We often try hard to imitate the qualities we admire in others and feel that we lack in ourselves. We learn short cuts and try to force good habits. For instance anyone that knows me, knows I am a cluttered person. I try really hard but I can’t help it sometimes. I am not a type A. It does not however give me an excuse to live like a slob. I am also not super organized or into making spreadsheets and sitting at a computer, it does not however give me permission to be a slacker at my job. Though I am bad at those things it helps me appreciate others who are good at them. For example having roommates who liked to clean and had systems that I learned healthy tricks from. Or coworkers who do feel better sitting at a desk and like documenting things, and they helped set up systems and ways to record things that helped me stay on top of it.
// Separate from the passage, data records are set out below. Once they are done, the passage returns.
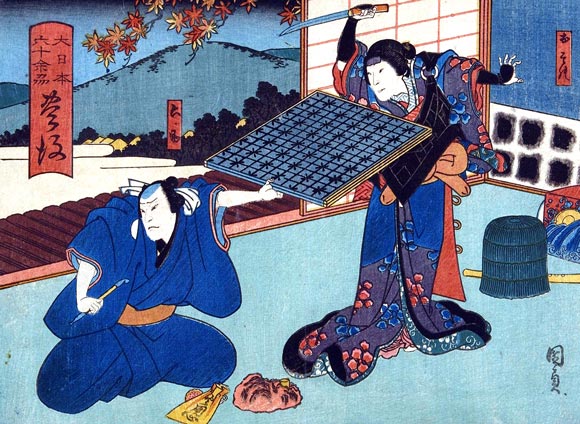 "Keya-mura", or "Keya-mura Rokusuke Sumika" ("at Rokusuke's home in the village of Keya"), is the 9th act of the 11-act drama "Hikosan Gongen Chikai no Sukedachi". It is the most popular and most staged part of this drama. |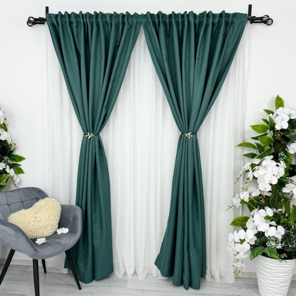 Set 2 bucati de Draperie HoReCa TEXTURATA tip IN, Verde-200cm latime x 232cm inaltime, cu rejansa pt bara, CumparaMisim, cod produs: CSR-DRs207A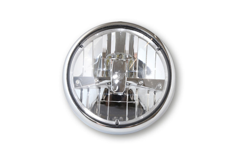 HIGHSIDER 7 inch LED headlight RENO TYP 3, metal housing, clear glass, round, side mounting, E-approved.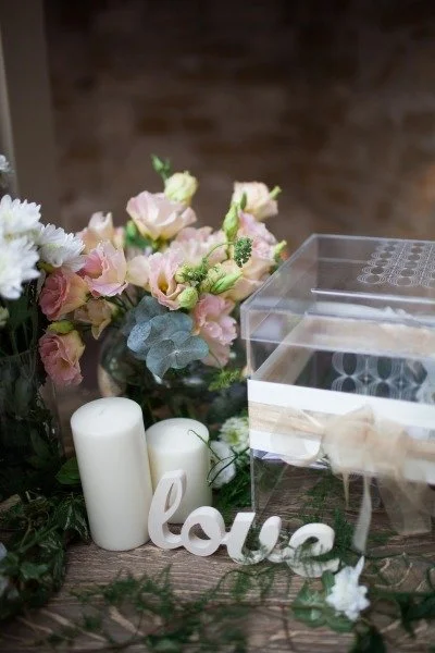 Clear Acrylic Card box with lid. Used as wishing well. Vinal Custom Sign available for additional $25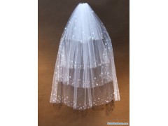 1) Fabrics: Netting tulle with embroidery2) Size: 1.5 meters3) Color: white, ivory (can custom any color with big quantity) 1) Marvelous Bridal Veil in dramatic style with high-quality fabrics such as French Taffeta, Organza, Taiwan Satin etc2) With various colors and sizes available;3) Used in special occasions, amazing style4) Packing: Inner Packing:1 pc/plastic bag; Outer Packing:1 dozen/carton5) Small order is welcome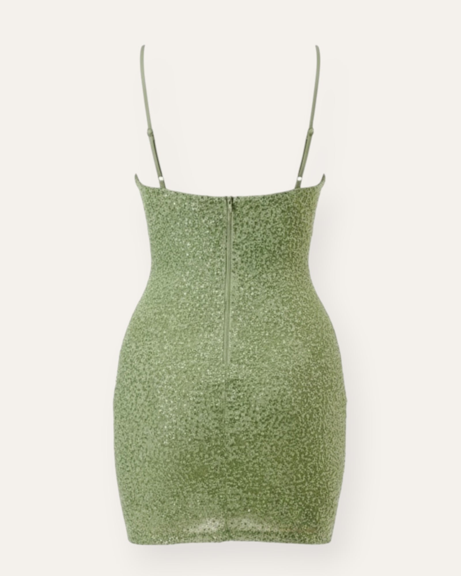 Stuttur, aðsniðinn kjóll þakinn fíngerðum perlum sem gefa fallegt glitrandi og lúxus áferð. Mjúkt hálsmál og mjóar stillanlegar hlýrar skapa kvenlegt og elegant look, á meðan sniðið mótar líkamann á fallegan hátt.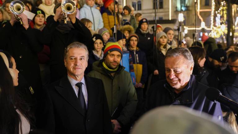 Osrednja smreka Božičnica zasvetila na Prešernovem trgu, Tina Gaber Golob pa je županu Zoranu Jankoviću prinesla presenečenje v obliki poljubčka.

Having flaws doesn’t disqualify me though. Too often the fear of not being good enough has kept me from my dreams and even with this trip has caused me to waste time and not be as proactive in areas like fundraising. Not because I doubted it was what God had for me but because I doubted I was good enough to do it. I love support raising in a weird way it is humbling and also really cool. It is also really hard. Not being super organized by nature I have to really push myself to set a schedule and stick to it or set up deadlines. Especially when I have too much time for my own good. I work better under pressure. Weird but true. I hate long term assignments and just don’t have the attention span for rough drafts and edits. (Though I do know how important they are and value them.) Which is what leads me to this post.
I had wasted time, with excuses and fear I let a lot of valuable fundraising time go by. I was working hard at my job and moving, and have a long list of things that happened this summer, but I was not diligent with fundraising. The beginning of Sept hit and things got real. My deadline was coming and I had to take a hard look at myself. The ugly parts and had some tough conversations with Jesus. I confessed sin and rebuked lies and pushed forward. Everything else had lined up for this trip, my housing, supplies, plane tickets to training camp, my job. Everything was pointing this way and so I had to believe he was going to show up. Well it is never in the way you expect or imagine. I poured my heart into sending letters, a fundraiser, and talking to people more and more about my trip. I needed $5000 by the 28th. But it wasn’t coming in to a point where as of the 25th I only had $700 accounted for. I knew a few more checks were not accounted for, but I knew maybe I only had about $900.
The day before it was due I received a donation of $4300. Talk about God showing up. I didn’t deserve it and almost didn’t believe it. When I asked the person they said, “They were blessed to be a blessing.” And when I told my mom she goes, “Well am I surprised something like that could happen, maybe, am I surprised it happened to you? No. With Jesus anything is possible for you.”
Grace is truly humbling and I know, I already try to live my life unto the Lord but it is times like these where he shows up and reminds me just how loved I am. As I keep moving forward with fundraising and preparing for this trip it is comforting to know it is his will. It also helps squash fear about asking because it really is his money, his will and his timing. All he asks of me is obedience.
Thanks for reading, I hope this encourages you to keep taking steps of faith in your own life. Don’t let the things that you don’t like about yourself disqualify you from the plan God has for you. I could have given up. I mean it was the day before the deadline and a small part of me wanted to. The larger part of me knew better, I am not perfect but I serve a God who loves me as I am. I am blessed to be a blessing and I can’t wait to go to training camp, continue to raise the rest of the $18000 and prepare to go to the nations. God is so good!